حدثنا إسماعيل قال: حدثني مالك، عن ثور بن زيد الديلي، عن أبي الغيث مولى ابن مطيع، عن أبي هريرة، عن النبي صلى الله عليه وسلم مثله.

 

[-6006-] Safvan İbn Süleym'den, Nebi Sallallahu Aleyhi ve Sellem'e ref' ederek dedi ki:

 

"Dul kadın ile yoksulun ihtiyaçlarını karşılamaya çalışan kimse, Allah yolunda cihad eden yahut gündüzün oruç tutup geceleyin namaz kılan kimse gibidir."

 

 

AÇiKLAMA

 

"Dul kadının ihtiyaçlarını karşılamaya çalışan kimse." Onun maslahatına olan işler için uğraşıp duran kimse, demektir.
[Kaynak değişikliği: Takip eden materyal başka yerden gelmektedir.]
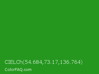 CIELCh 54.684,73.17,136.764 Color is a normal green color and the nearest color is Slimy Green #299617. Hex code #25971f and RGB value is rgb(37,151,31). In RGB color space, this color is composed of 15% red, 59% green, 12% blue, In CMYK color space, this color is composed of 75% cyan, 0% magenta, 79% yellow , 41% black , In HSL color space, this color has a hue angle of 117° , 66% saturation and 36% lightness.

Buna dair açıklamalar da daha önce Nafakalar bölümünde(5353.hadiste) geçmiş bulunmaktadır.

 

باب: الساعي على المسكين.

26. YOKSUL KİMSENİN İHTİYACINI KARŞıLAMAYA ÇALIŞAN KİŞİ

 

حدثنا عبد الله بن مسلمة: حدثنا مالك، عن ثور بن زيد، عن أبي الغيث، عن أبي هريرة رضي الله عنه قال:

 قال رسول الله صلى الله عليه وسلم: (الساعي على الأرملة والمسكين كالمجاهد في سبيل الله). وأحسبه قال - يشك القعنبي - : (كالقائم لا يفتر، وكالصائم لا يفطر).

 

[-6007-] Ebu Hureyre r.a.'dan, dedi ki: "Resulullah Sallallahu Aleyhi ve Sellem şöyle buyurdu

 

Dul kadının ve yoksul kimsenin ihtiyaçlarını karşılamak için çalışan kimse, Allah yolunda cihad eden kimse gibidir. Zannederim -ki şüphe eden ravilerden el-Ka'nebı'dir- aralıksız namaz kılan ve orucunu açmaksızın oruç tutan kimse gibidir, de dedi."

 

 

Buna dair yeterli açıklamalar daha önce Nafakalar bölümünde(5353.hadiste) geçmiş bulunmaktadır.